Since his death, six have followed him as pastor of our church: Jonathan Reine (1975), Del Grandstrand (1975-1977), Chester Logelin (1977-80), David Bakken (1979-1980), John Tuttle (1981-91), and myself. Del, Chester and David have long since gone to their reward, Jonathan no longer is in pastoral ministry, and John presently has been serving a congregation in the Upper Peninsula of Michigan for many years. Each in their time here made deposits into the life of the kingdom of God in our town and beyond, but only God can say—and, ultimately, will say—which was of eternal value and which was not (see 1 Corinthians 3:12-15). The same goes for me.
For the last few months I have been reading Shadow of the Almighty: the Life and Testament of Jim Elliot. Following his death in 1956, his wife, Elizabeth took the journals he had kept and the letters he had written to put together a biography. As it happened, it was on October 1st—30 years to the day since arriving in Chetek—that I came to the end of the book.
Upon his death, all Jim Elliot left was a wrist watch, some well-worn clothes, and a one-year-old daughter. He had no life insurance policy. Their home in the wilds of Ecuador would rightly be considered a crude shack by any definition. But considering his influence on the cause of missions and the ongoing life of disciples worldwide, he “done real good” for his nearly 30 years of living. (He was 29 when he died.) Ultimately, only God can evaluate the worth of his ministry—and mine—rightly. Best to leave it there.
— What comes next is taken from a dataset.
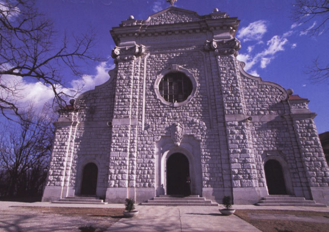
Sveta Gora, zahodna fasada.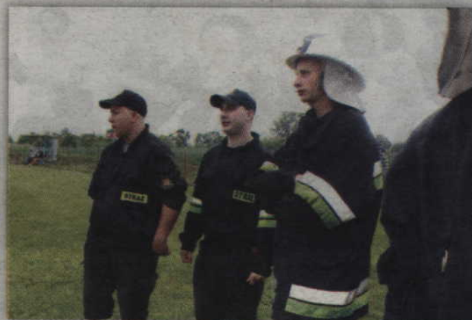
W tym roku gospodarzami zawodów sportowo-pożarniczych byli strażacy z OSP w Czarnem Dolnem.

W dniu zawodów pogoda była wyjątkowo kapryśna i deszczowa. Mimo tych niesprzyjających warunków a więc każdy zastęp OSP musiał wystawić drużynę składającą się z siedmiu osób. Zawody rozpoczęły się od ćwiczenia bojowego. Jego braki skutkowało obniżeniem punktacji.

Honestly, I’m just grateful to be here. I’m thankful for the life we’ve made here, the friends we’ve made, and the things we’ve been able to be a part of. When I re-read Psalm 16:6-7 “The boundary lines have fallen for me in pleasant places; surely I have a delightful inheritance. I will praise the Lord, who counsels me; even at night my heart instructs me” (NIV), I see our home at the corner of Fifth and Banks, the “church behind the Dairy Queen,” downtown Chetek and the nature trail behind Chetek-Weyerhaeuser High and Middle School.
I see it all, and the multitude of lives that have touched ours over three decades of living here. However long my service to this fellowship and this community may last, I pray to be found faithful to my call, to my post, and to them.
“As for you, go your way until the end. You will rest, and then at the end of the days, you will rise again to receive the inheritance set aside for you” (Daniel 12:13, NLT).
Jeff Martin has for 30 years been pastor of The Refuge, Chetek, Wisconsin.